Membicarakan makanan, bukan sekadar tentang apa yang kau suap, dikecap oleh lidahmu, masuk ke tenggorokan kemudian dicerna dalam tubuhmu. Lebih dari itu, kadang makanan yang kau santap setiap harinya, memberi makna untuk beberapa bagian di hidupmu.
Maka perkenankan kutuliskan tentang dua makanan ini, yang terlampau sering aku dibuat bingung olehnya. Bukan tentang makanannya, tapi selera orang-orang saat diberi pilihan tentang dua makanan ini. Kebiasaanku adalah selalu mencari tahu alasan, kenapa orang-orang lebih memilih satu atas dua pilihan ini. Dua makanan ini adalah telur ceplok dan telur dadar.
Pertama
keponakanku, Aish. Sejak dia bisa menelan makanan selain ASI dan bubur,
keponakanku ini selalu saja merequest
telur yang digoreng ceplok. Telur ceplok panas yang baru ditiriskan dari wajan,
ditambah kecap manis adalah menu paling favoritnya. Berbeda dengan balita lain yang harus dipaksa dengan
pelbagai cara agar mau makan, Aish cukup diberi iming-iming telur mata sapi,
nama lain dari telur ceplok, maka ia akan sangat antusias. Telur ceplok dan
kecap manis selalu berhasil menambah nafsu makannya berkali-kali lipat. Sangat mudah.
Kali
lain, sekira dua minggu lalu, di saat abang penjual nasi goreng yang berjualan
di sekitar Asrama Polisi Panaikang menanyakan untuk menu tambahan selain nasi
goreng yang kupesan bungkus bawa pulang saat itu.
“Dek mau ditambahkan telur ceplok?,” tanyanya
setelah menyelesaikan orderan nasi goreng pesananku.
“Kenapa
pilihannya hanya telur ceplok? Kenapa tak sekalian bilang saja, dek telur dadar
atau ceplok?” , tanyaku dalam hati.
Kakak
laki-laki ku juga sama, telur ceplok selalu dimintanya saat diberi pilihan,
“Dibuatkan telur dadar atau ceplok, kak?”.
“Telur
ceplok mo, lebih gampang. Jangan mau susah-susah, yang penting telur,” jawabnya.
Apa
karena alasan lebih praktis, sehingga hampir semua orang lebih memilih telur
yang hanya diceplok saja di atas wajan penggorengan, tunggu sebentar kemudian
matang.
Sungguh rumit luar biasa, bukan?
Ya
kupikir pantaslah, bila beberapa orang lebih memilih telur yang diceplok. Kalau
saja untuk hidupmu, kau bisa memilih mana yang lebih praktis. Hanya ceplok
kemudian matang seketika.
Semuanya akan menjadi sangat mudah, bukan?
Kita
tak perlu memikirkan berapa takaran garam, teknik mengocok agar adonan hidupmu
mengembang sempurna. Tak perlu cemas bila lebih banyak cairan telur yang tumpah
dari wadahnya, akibat teknik mengocok yang salah. Tak perlu mengkhawatirkan
apa-apa. Membolak-balik hidupmu agar matang sempurna, tak perlu kau lakukan.
Kuingat
alasan lain memilih telur ceplok dari seorang kawanku di bangku SMA. Di
saat makan, ia selalu saja menyisihkan bagian kuning telur. Padahal dia tahu,
justru di bagian kuning telurlah, sumber protein paling banyak, dibanding
putihnya.
Hidup
adalah percampuran dari setiap elemen, telur, garam, dan rempah penyedap lain
yang kau tambahkan bisa sesuai selera. Dari bawang putih, bawang merah, daun
bawang, bahkan beberapa potongan sayur berupa wortel atau kol kalau kau mau.
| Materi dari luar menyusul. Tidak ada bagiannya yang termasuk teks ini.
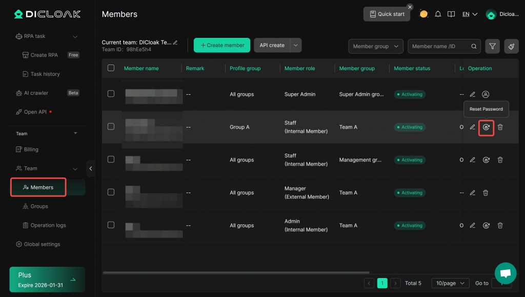 - In Members, when a member’s access expires, you can deactivate their account. If you need to assign that account to another user, simply reset the password.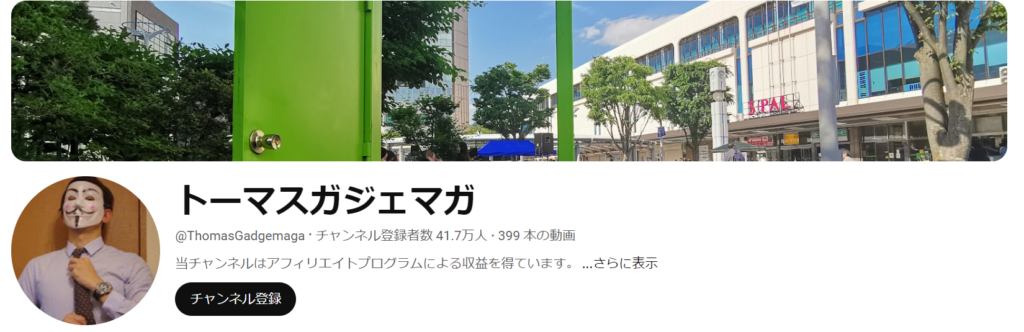 登録者数は41万人のチャンネル、「トーマスガジェマガ」を運営しています。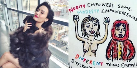 "Nudity empowers some. Modesty empowers some," read a cartoon of two women, one naked and one clothed, that Lovato uploaded Tuesday to Instagram, following the backlash from Kardashian West's recent nude selfie. "Different things empower different women and it's not your place to tell her which one it is."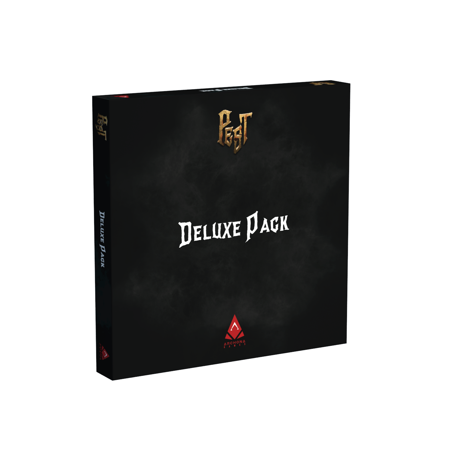 Deluxe pack add-on for Pest, including dual-layer player boards and wooden player tokens.
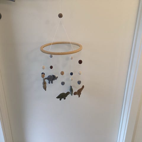 Skøn luftballon uro med en elefant og en løve, som også kan bruges løs andre steder fx. i sengen på puslebrættet mv. 70 cm høj. Som ny, da den kun har været brugt som ophæng i en kort periode. Skønne glade farver.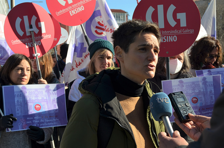 Para a diagnose e a corrección das desigualdades que se producen, a elaboración e execución dun Plan de igualdade docente é unha ferramenta fundamental, mais a administración educativa non tivo intención de negocialo, pese a que o texto refundido do EBEP, aprobado polo Real Decreto Lexislativo 5/2015, do 30 de outubro, expresa a obriga das administracións públicas de elaborar dito plan e de desenvolvelo no acordo de condicións de traballo do seu persoal. A CIG-Ensino reclamou en varias ocasións, por escrito, na Mesa Sectorial e nas reunións co conselleiro de Educación, o inicio dos trámites para a constitución da comisión de negociación, sen resposta algunha. Esta mañá un grupo de delegadas e delegados do sindicato maioritario no ensino público galego concentrouse diante da sede da Consellaría en San Caetano para esixir que este sexa o último Día internacional da Muller Traballadora, que se conmemora o 8 de marzo, sen contar con esta medida no ensino público. No acto interveu a responsábel de Mulleres da CIG-Ensino, Maruxa Martínez.

Ahhh nikmat luar biasa, bukan?
Bila
kau ingin hidup lebih berwarna seperti apa yang tersaji di telur dadar, maka
yang kau lakukan, memadu madankan apapun komposisi hidup ini. Semuanya harus
sesuai kadarnya. Jangan bikin eneg, apalagi mual saat kau cicipi. Semua tentang
kerja keras saat mengocok adonan, dan menggunakanan teknik sedemikian rupa saat
berada di wajan hidupmu. Bukan sekali ceplok kemudian matang.
Maka
bisa kukata, bahwa hidup adalah pekerjaan menyatukan setiap komposisi agar bisa
tersaji nikmat di atas piring. Ya semuanya untuk kau santap habis senikmat
mungkin, bukan disisakan di bagian pinggir piringmu.
Karenanya,
sekali lagi kutanyakan padamu. Kau akan memilih mana, telur dadar atau ceplok?